--- Exercise material Enclosed Below ---

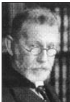
1908 – Paul Ehrlich Nagroda Nobla w dziedzinie medycyny
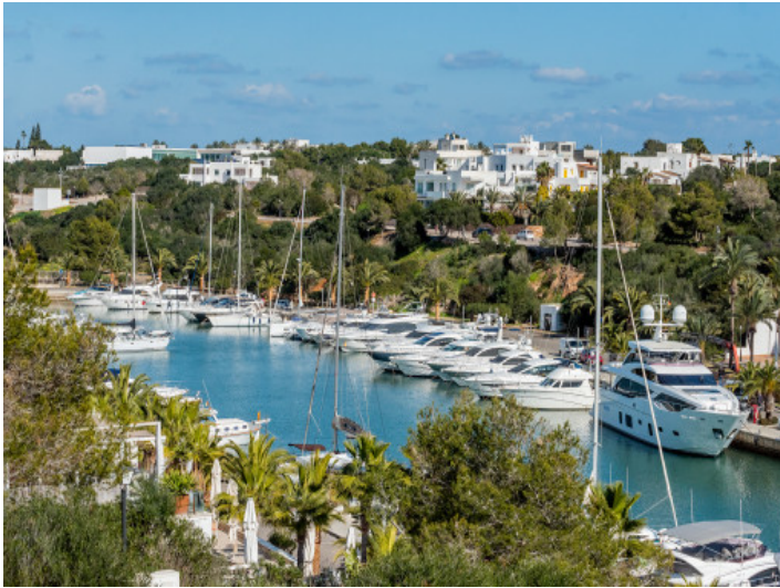
Beeindruckender Blick auf den Hafen
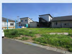
幾世橋住宅団地(全2区画)
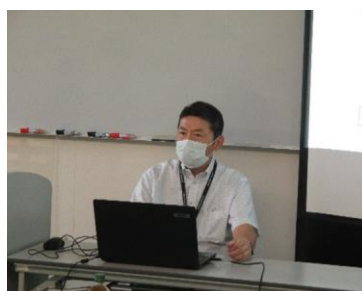
9/27 デジタル戦略委員会
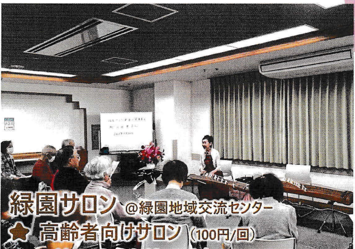
緑園サロン @緑園地域交流センター ★ 高齢者向けサロン (100円/回)
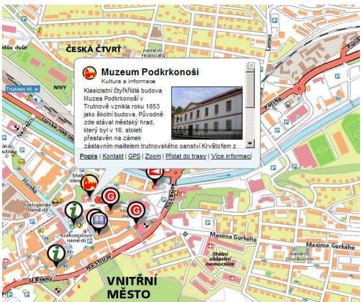
Detailní informace o bodu zájmu (text, fotografie, kontaktní informace)
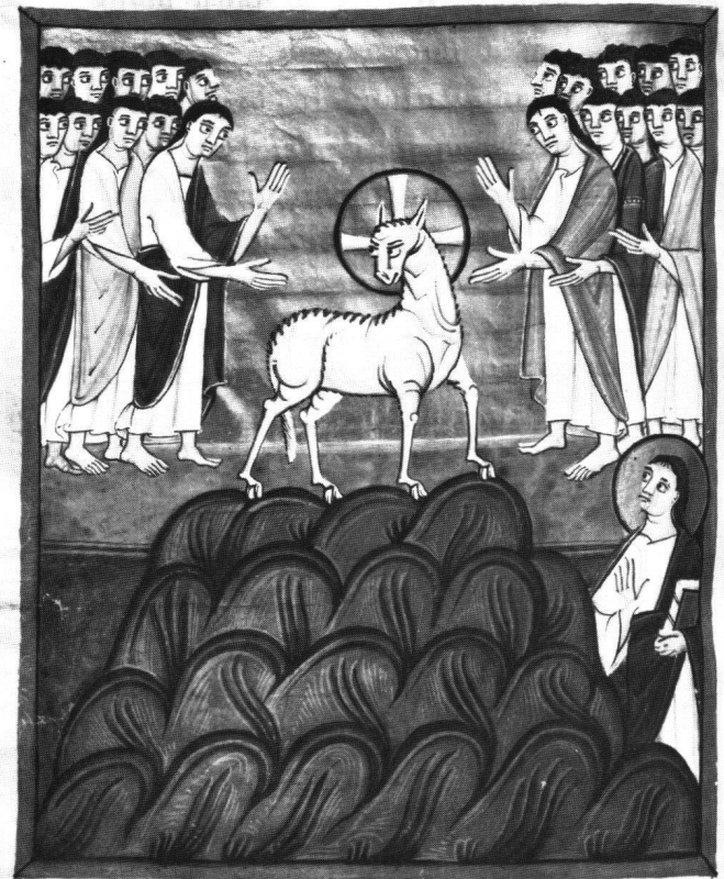
Abb. 5 Lamm auf dem Berge Sion (Apc XIV, 1). Bamberg, Staatsbibliothek, Msc. bibl. 140, fol. 34v.

Fragment der Christus-Engel mit dem «Evangelium» genau unterhalb des Christus-Lammes auf dem Berge Sion, dessen welliger Umriss der schollenartigen Standfläche des Engels gleicht. Die in der Auslegung des APTPERTUS vollzogene Gleichsetzung von Lamm und Evangelium-Engel kommt also auf dem Basler Blatt in mehrfacher Hinsicht zum Ausdruck.

--- End of Enclosed Exercise material ---

» Problem details
Copy out the records above in full, exactly as written, but not the pictures.

» Reply
1908 – Paul Ehrlich Nagroda Nobla w dziedzinie medycyny
Beeindruckender Blick auf den Hafen
幾世橋住宅団地(全2区画)
9/27 デジタル戦略委員会
緑園サロン @緑園地域交流センター ★ 高齢者向けサロン (100円/回)
Detailní informace o bodu zájmu (text, fotografie, kontaktní informace)
Abb. 5 Lamm auf dem Berge Sion (Apc XIV, 1). Bamberg, Staatsbibliothek, Msc. bibl. 140, fol. 34v.

Fragment der Christus-Engel mit dem «Evangelium» genau unterhalb des Christus-Lammes auf dem Berge Sion, dessen welliger Umriss der schollenartigen Standfläche des Engels gleicht. Die in der Auslegung des APTPERTUS vollzogene Gleichsetzung von Lamm und Evangelium-Engel kommt also auf dem Basler Blatt in mehrfacher Hinsicht zum Ausdruck.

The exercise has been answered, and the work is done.